BEGIN

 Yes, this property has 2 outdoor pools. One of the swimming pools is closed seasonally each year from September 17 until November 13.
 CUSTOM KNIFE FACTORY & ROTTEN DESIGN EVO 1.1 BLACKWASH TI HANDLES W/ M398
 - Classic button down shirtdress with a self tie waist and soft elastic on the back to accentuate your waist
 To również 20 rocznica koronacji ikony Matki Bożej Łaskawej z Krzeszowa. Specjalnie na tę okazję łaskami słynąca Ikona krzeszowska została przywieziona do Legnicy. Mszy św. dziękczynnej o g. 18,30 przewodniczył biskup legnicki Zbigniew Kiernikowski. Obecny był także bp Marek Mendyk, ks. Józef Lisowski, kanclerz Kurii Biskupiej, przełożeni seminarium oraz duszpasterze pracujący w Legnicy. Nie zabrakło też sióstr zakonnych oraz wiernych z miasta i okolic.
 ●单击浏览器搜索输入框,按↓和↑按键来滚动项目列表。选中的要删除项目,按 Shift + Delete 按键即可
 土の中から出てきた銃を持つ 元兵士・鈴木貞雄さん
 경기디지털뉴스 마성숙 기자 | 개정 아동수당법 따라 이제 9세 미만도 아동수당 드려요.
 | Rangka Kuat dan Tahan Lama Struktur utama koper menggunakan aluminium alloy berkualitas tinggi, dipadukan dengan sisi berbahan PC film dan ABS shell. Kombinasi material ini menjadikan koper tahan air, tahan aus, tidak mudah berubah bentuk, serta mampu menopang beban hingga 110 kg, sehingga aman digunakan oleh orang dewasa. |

END

◆ Description of the task
Everything in the listing above should be repeated exactly.

◆ Finished task
 Yes, this property has 2 outdoor pools. One of the swimming pools is closed seasonally each year from September 17 until November 13.
 CUSTOM KNIFE FACTORY & ROTTEN DESIGN EVO 1.1 BLACKWASH TI HANDLES W/ M398
 - Classic button down shirtdress with a self tie waist and soft elastic on the back to accentuate your waist
 To również 20 rocznica koronacji ikony Matki Bożej Łaskawej z Krzeszowa. Specjalnie na tę okazję łaskami słynąca Ikona krzeszowska została przywieziona do Legnicy. Mszy św. dziękczynnej o g. 18,30 przewodniczył biskup legnicki Zbigniew Kiernikowski. Obecny był także bp Marek Mendyk, ks. Józef Lisowski, kanclerz Kurii Biskupiej, przełożeni seminarium oraz duszpasterze pracujący w Legnicy. Nie zabrakło też sióstr zakonnych oraz wiernych z miasta i okolic.
 ●单击浏览器搜索输入框,按↓和↑按键来滚动项目列表。选中的要删除项目,按 Shift + Delete 按键即可
 土の中から出てきた銃を持つ 元兵士・鈴木貞雄さん
 경기디지털뉴스 마성숙 기자 | 개정 아동수당법 따라 이제 9세 미만도 아동수당 드려요.
 | Rangka Kuat dan Tahan Lama Struktur utama koper menggunakan aluminium alloy berkualitas tinggi, dipadukan dengan sisi berbahan PC film dan ABS shell. Kombinasi material ini menjadikan koper tahan air, tahan aus, tidak mudah berubah bentuk, serta mampu menopang beban hingga 110 kg, sehingga aman digunakan oleh orang dewasa. |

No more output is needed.